Saturday 6 February 2010

Demise of waterfall, concept or reality?


Agile development approach has been the most adopted methodology for 21st century development, and software project management. "Some have said that 2007 was the year that Agile arrived, with agile development best practices such as automated builds, test automation, and continuous integration finally beginning to reach critical mass among Java developers. While this is true in theory, the fact is that most Java enterprise projects are still based on more traditional development methods, such as the Waterfall model".

Take Scrum for instance, we know a strongly modelled scrum is a projects that are "divided into succinct work cadences, known as sprints, which are typically one week, two weeks, or three weeks in duration. At the end of each sprint, stakeholders and team members meet to assess the progress of a project and plan its next steps".

Isn’t this what developers and stakeholders has conceptually been practicing since the prime times of waterfall, which many believe is at its demise. At each stage of the waterfall model is a well iterative concept (such as Scrum) adopted to make sure before we proceed to the next stage of the development process, deliverables would have been well designed, coded and well tested.

Waterfall methodology is still utilised in today’s software development, practically because – each stage of the development process is an adopted agile process interactively and iteratively utilised to derive a quality working product. One might argue, but waterfall never iterates the actual project, simply because water flows downwards and ends there.

When a project exit the deadline, it has exited the deadline - any subsequent call for modification triggers a call for design changes, code modification, testing and walkthrough and modification of documentations and re-implementation. This put together is water pouring from one glass to another.

Friday 5 February 2010

Trusting the untrusted.


Most internet users are reluctant to change their password, trusting they are not victims of exploits. Well I suppose we all do it thinking what possibly could our credential worth. Password change is very vital when operating from home networks. These are more susceptible to exploit attack as witness from Twitter and not long ago Hotmail. "An intruder doesn't have to be inside your home or office building to manipulate a wireless signal. For example, they could be sitting outside in their car sniffing out your data all while enjoying a sandwich. Before they have a chance to complete the meal, the intruder can learn just who you work for, how to access the company network or even transfer money out of your bank account if the right security is not implemented."

Not only that, changing your web password from work area networks can be prone to exploits due to exploit sniffing tools utilised by trusted network and security engineers and other internal staffs, to filter, sniff and intrude in our private mails and explore your private life around social networks. I think everyone is purely aware of the capabilities of the expert, consequently an oversight and perhaps a little trust is what is keeping our virtual instance alive.
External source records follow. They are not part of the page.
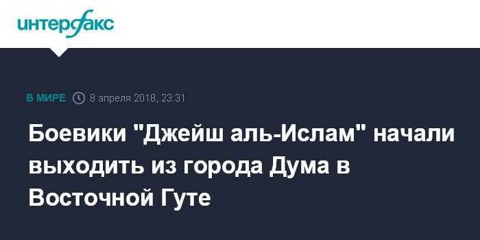 Москва. 8 апреля. INTERFAX.RU - Боевики группировки "Джейш аль-Ислам" начали выходить из города Дума (сирийская Восточная Гута) через пункт пропуска в Мухайям Аль-Вафедине, сообщили в Минобороны РФ.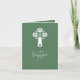 Um convite a fotos verde-férn com uma cruz floral branca para batizar ou batismo. Personalize o convite com a foto, o nome, o local e os detalhes de contato do seu bebê, e mude o batismo, se preferir. Parte da Coleção Floral Cross Christening.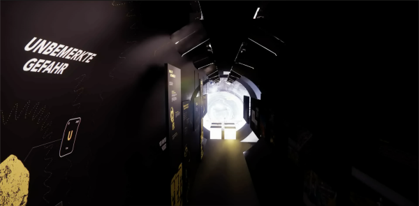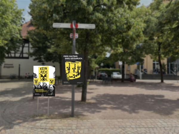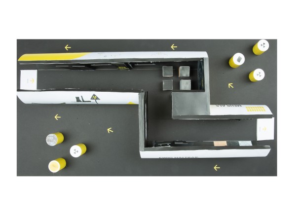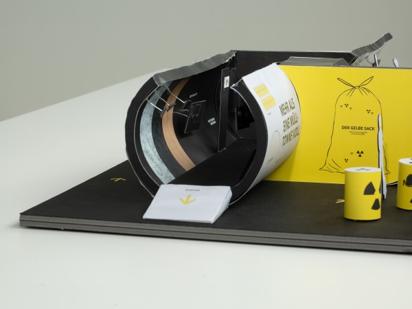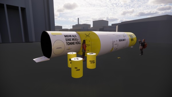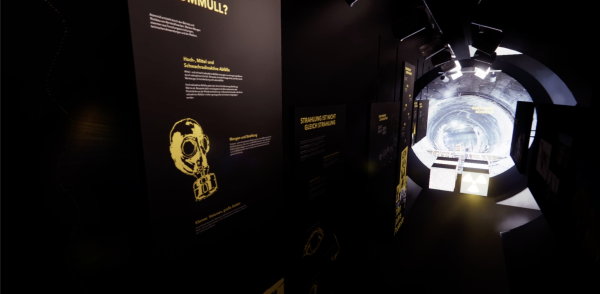 Die Ausstellung besteht aus drei runden Tank-Schiffscontainern, die eine geschlossene, runde Form bilden. Von außen erinnern sie an Endlagerbehältnisse, im Inneren an ein unterirdisches Bergwerk. Plakative Außenwände erzeugen Fernwirkung und wecken Neugier. Ergänzt wird das Außenszenario durch gelbe Metallfässer mit prägnanter Beschriftung und dem typischen Nuklearicon – ein Eyecatcher mit Signalwirkung.
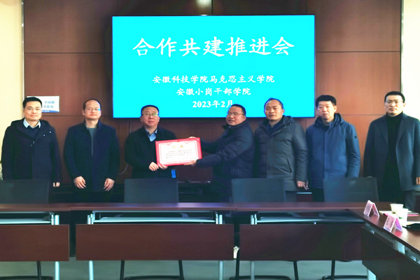 为深入学习宣传贯彻落实党的二十大精神,强化新时代马克思主义理论传播主阵地,更好发挥高校与地方干部学院优势融合。2月28日上午,安徽小岗干部学院与安徽科技学院马克思主义学院在小岗举行合作共建推进会。小岗干部学院副院长罗友和主持。马克思主义学院党总支书记杨仕勇、党总支副书记、院长张德化、副院长张栋、小岗干部学院常务副院长李新龙、副院长罗友和、副院长曾永闯一起共商。
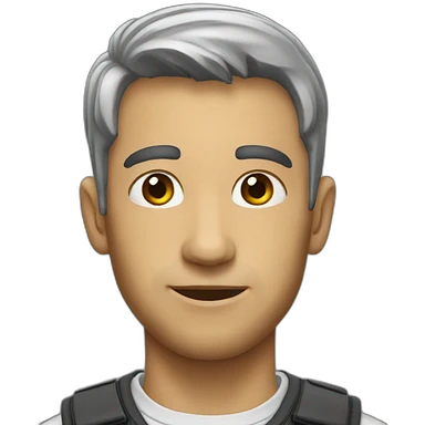 49 y-o soccer player, short hair, small central crest "salt and pepper", dark stubble, subtle rounded face, brown eyes emoji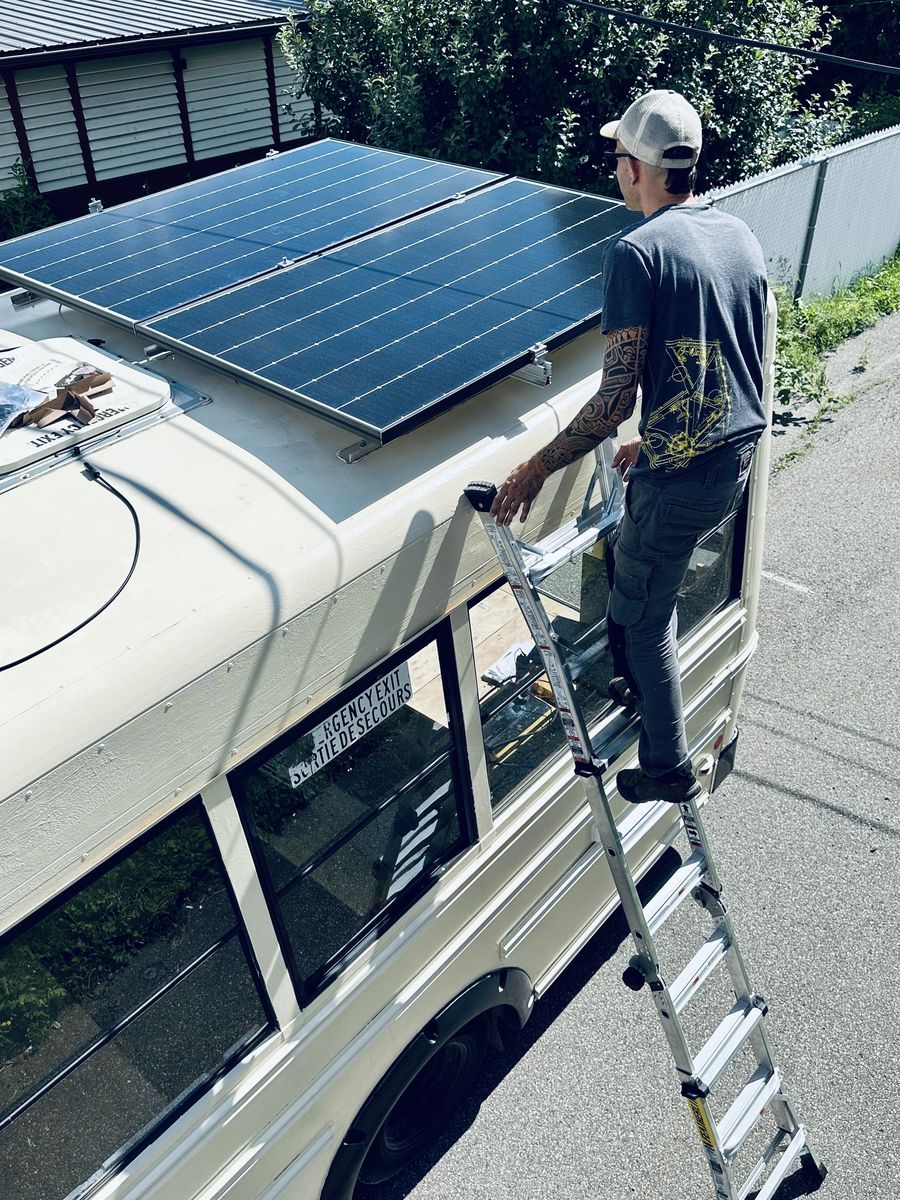 Réalisation d'un système électrique autonome en énergie solaire. Montage sur le toit du bus de 4 panneaux de 340 Watts pour un total de 1360 Watts de potentielle PV. Ajout branchement pour raccord avec l'alternateur du véhicule pour avoir deux sources différentes d'alimentation. Conception et montage en atelier du système électrique. Installation du système électrique avec entre autre: - 2 batteries Lithium de 100 Amp/48 Volts avec système de communication bluetooth - Onduleur chargeur Multiplus II - 3000 Watts - Cerbo GX *Projet en collaboration avec WattOSoleil !

A few days ago "Officials at Twitter linked the resetting of passwords to a malicious Torrent sites and other schemes. According to Twitter, the company began its investigation after noticing a surge in followers for certain accounts during the past five days. Twitter revealed more details about the phishing attacks that caused the company to reset the passwords on some user accounts today." Darknet blogged.

"According to Twitter Director of Trust and Safety Del Harvey, there was a sudden surge in followers for certain accounts during the last five days. For that reason, the company decided to push out a password reset to the accounts, he said. After launching an investigation, Twitter officials linked part of the problem to malicious torrent sites." Darknet blogged.

"It appears that for a number of years, a person has been creating torrent sites that require a login and password as well as creating forums set up for torrent site usage and then selling these purportedly well-crafted sites and forums to other people innocently looking to start a download site of their very own," Harvey blogged. "However, these sites came with a little extra — security exploits and backdoors throughout the system. This person then waited for the forums and sites to get popular and then used those exploits to get access to the username, email address, and password of every person who had signed up."